Task inputs START
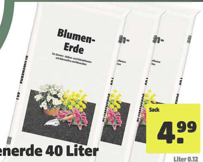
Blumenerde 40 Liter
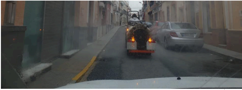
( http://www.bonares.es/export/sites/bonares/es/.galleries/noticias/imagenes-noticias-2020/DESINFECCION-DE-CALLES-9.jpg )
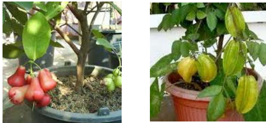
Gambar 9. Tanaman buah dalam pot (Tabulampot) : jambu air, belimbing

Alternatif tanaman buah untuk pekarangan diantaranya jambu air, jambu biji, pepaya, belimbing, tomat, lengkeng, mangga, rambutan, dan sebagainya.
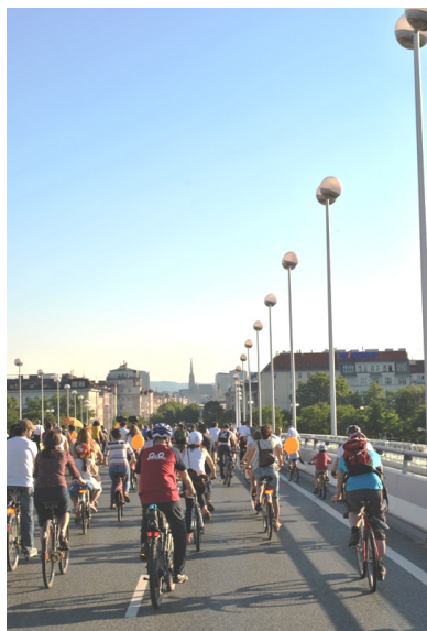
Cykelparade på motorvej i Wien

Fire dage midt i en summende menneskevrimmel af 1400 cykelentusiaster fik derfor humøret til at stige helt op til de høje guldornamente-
Task inputs END
◆ **Your goal**
Output the material word for word, omitting its pictures.

◆ **Task answer**
Blumenerde 40 Liter
( http://www.bonares.es/export/sites/bonares/es/.galleries/noticias/imagenes-noticias-2020/DESINFECCION-DE-CALLES-9.jpg )
Gambar 9. Tanaman buah dalam pot (Tabulampot) : jambu air, belimbing

Alternatif tanaman buah untuk pekarangan diantaranya jambu air, jambu biji, pepaya, belimbing, tomat, lengkeng, mangga, rambutan, dan sebagainya.
Cykelparade på motorvej i Wien

Fire dage midt i en summende menneskevrimmel af 1400 cykelentusiaster fik derfor humøret til at stige helt op til de høje guldornamente-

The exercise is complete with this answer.